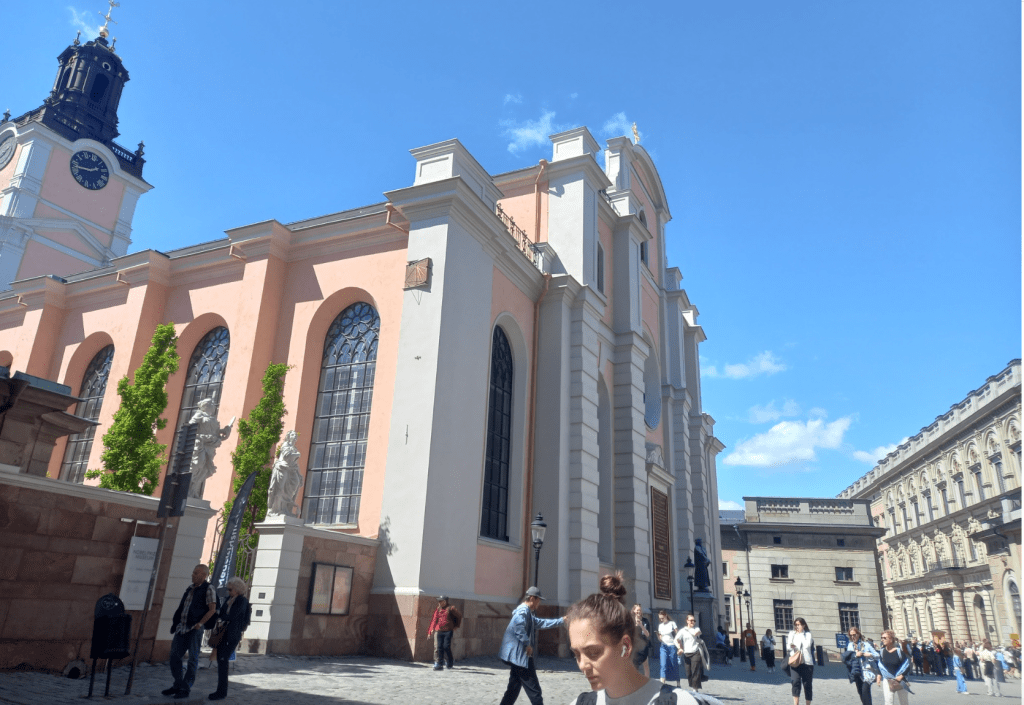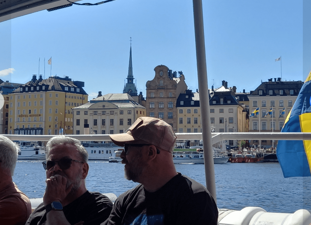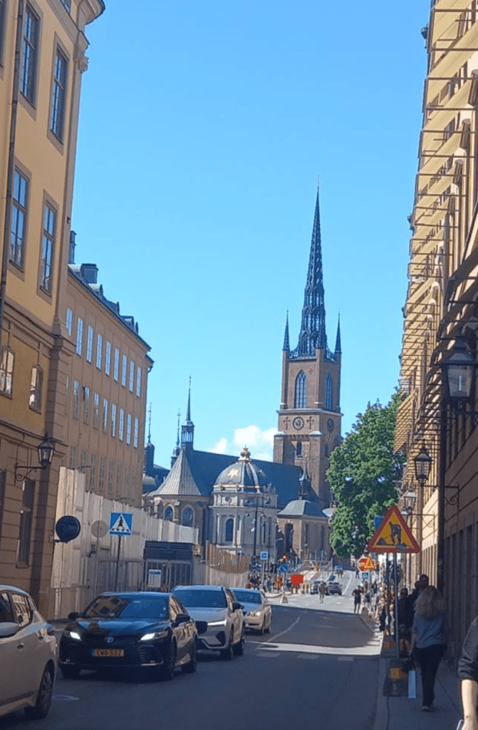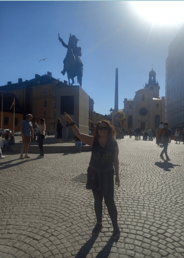 It was a beautiful, warm, sunny day as we journeyed through Sweden’s densely forested and lake-studded countryside – it is almost entirely flat, in contrast to Norway – via coach to the quaint railway station in Kristinehamn and then via high-speed rail to Stockholm’s busy central rail station. By the time we arrived and got settled into our hotel (Hotel C, conveniently near the station and other forms of transport – trams, buses, canal boats, metro, rail), I couldn’t wait to change into lighter summer clothes to head out for a brief coach + walking tour of the original Mediaeval settlement. Known as the Old Town (Gamla Stan), it is set on its own island (the city of Stockholm is actually a network of 14 islands, all connected by some 57 bridges). There we had an introductory 3-course group meal including meatballs, lingonberries, mashed potatoes and pickled cucumber, followed by a pudding – infinitely better than the Ikea version!
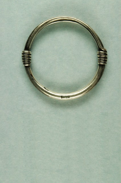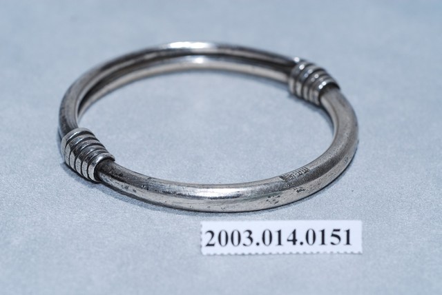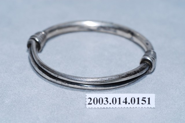 本文物為雙環金屬手鐲,兩側各有四個鐵環作為裝飾。臺灣原住民及漢人皆會帶配飾,而就漢人而言女性使用飾品的比率比男性高。傳統社會中女性配戴的首飾,代表家族的財富及地位,尤其在嫁娶之時,以金銀飾品作為聘禮也十分常見。在臺灣貧者在嫁娶至少要有銀簪,而富者並無限制。因此,飾品不但反映當時社會的審美觀,也是女性及其背後家族之社會地位之象徵。
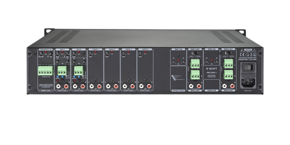 Логичная задняя панель позволит каждому установщику сразу понять, как установить устройство. PREZONE1 легко отличить от конкурентов. Его более высокое соотношение сигнал/шум, простота в использовании, логичный дизайн и универсальные функции для установщиков делают его подходящим практически для любого профессионального аудиоприложения.
________________
→ TRY IT: Restate the material word for word; no picture should appear in the copy.

→ ANSWER BOX:
 It was a beautiful, warm, sunny day as we journeyed through Sweden’s densely forested and lake-studded countryside – it is almost entirely flat, in contrast to Norway – via coach to the quaint railway station in Kristinehamn and then via high-speed rail to Stockholm’s busy central rail station. By the time we arrived and got settled into our hotel (Hotel C, conveniently near the station and other forms of transport – trams, buses, canal boats, metro, rail), I couldn’t wait to change into lighter summer clothes to head out for a brief coach + walking tour of the original Mediaeval settlement. Known as the Old Town (Gamla Stan), it is set on its own island (the city of Stockholm is actually a network of 14 islands, all connected by some 57 bridges). There we had an introductory 3-course group meal including meatballs, lingonberries, mashed potatoes and pickled cucumber, followed by a pudding – infinitely better than the Ikea version!
 本文物為雙環金屬手鐲,兩側各有四個鐵環作為裝飾。臺灣原住民及漢人皆會帶配飾,而就漢人而言女性使用飾品的比率比男性高。傳統社會中女性配戴的首飾,代表家族的財富及地位,尤其在嫁娶之時,以金銀飾品作為聘禮也十分常見。在臺灣貧者在嫁娶至少要有銀簪,而富者並無限制。因此,飾品不但反映當時社會的審美觀,也是女性及其背後家族之社會地位之象徵。
 Логичная задняя панель позволит каждому установщику сразу понять, как установить устройство. PREZONE1 легко отличить от конкурентов. Его более высокое соотношение сигнал/шум, простота в использовании, логичный дизайн и универсальные функции для установщиков делают его подходящим практически для любого профессионального аудиоприложения.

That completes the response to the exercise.